Remember back when enchanting first came out, and the lament of almost every player was that they couldn't combine enchantments, or preserve their beautifully-crafted Sharpness IV diamond sword? We were all so excited when the anvil was announced, because it could do just that! It even had the added helping of naming your weapons, so I could then make a really kick-butt sword and name it Andromeda, because it needed an equally epic name.

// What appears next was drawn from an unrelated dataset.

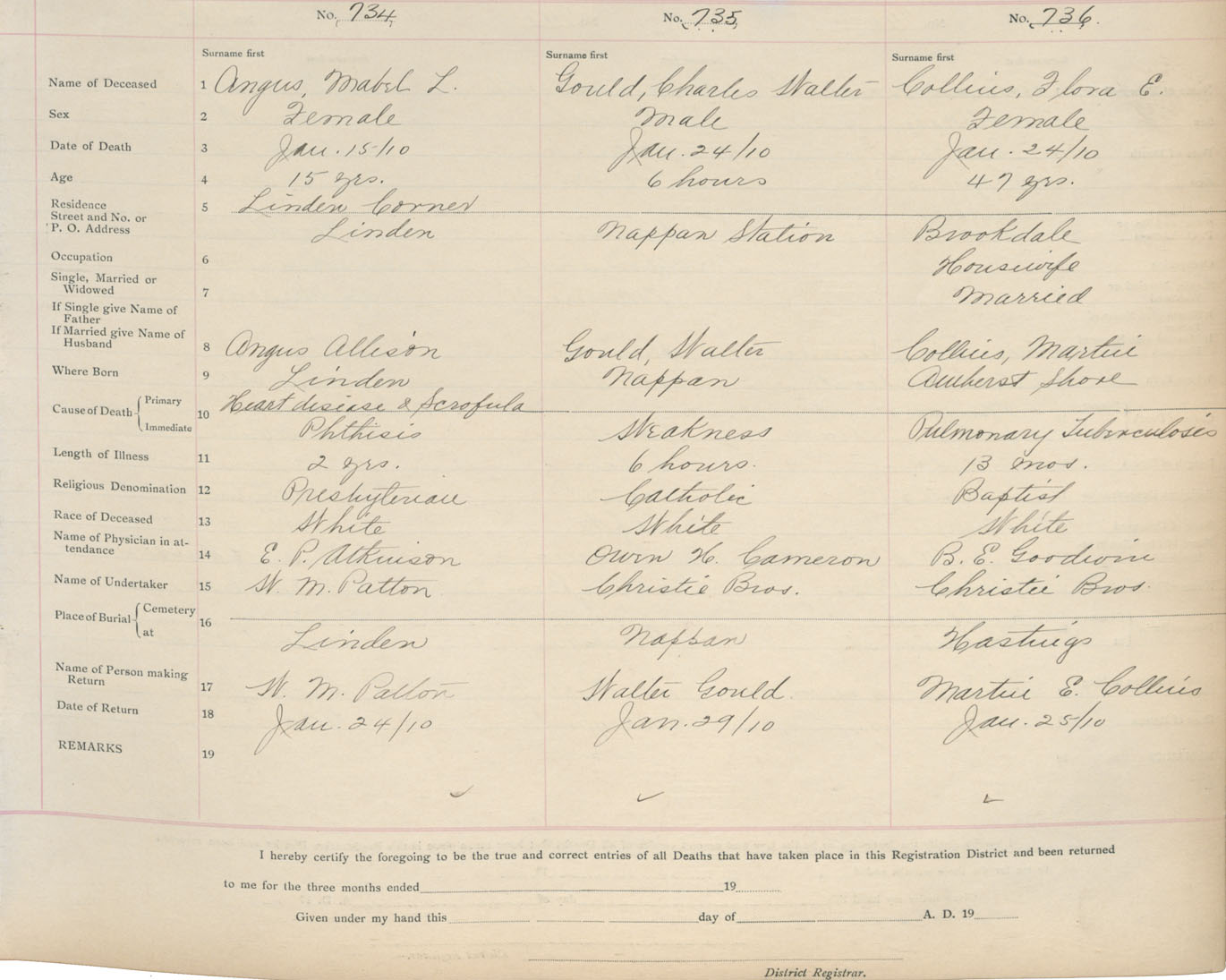 Death Registration: Year: 1910 book: 5 page: 122 number: 734

...But, as it turns out, the restrictions in the anvil's functions make it a very silly self-defeating mechanism. This is demonstrated in microcosm by how it is the only utility block that actually breaks itself over many uses. Wooden bench that summons a metal saw when crafted? Nah, you can compress raw diamonds on that baby and it isn't so much as scratched. But, a solid iron anvil? Nono, it can completely shatter after the long and tedious process of copying tiny runes from a book onto a wooden pickaxe. Why doesn't the Enchanting Table explode after a few uses, then?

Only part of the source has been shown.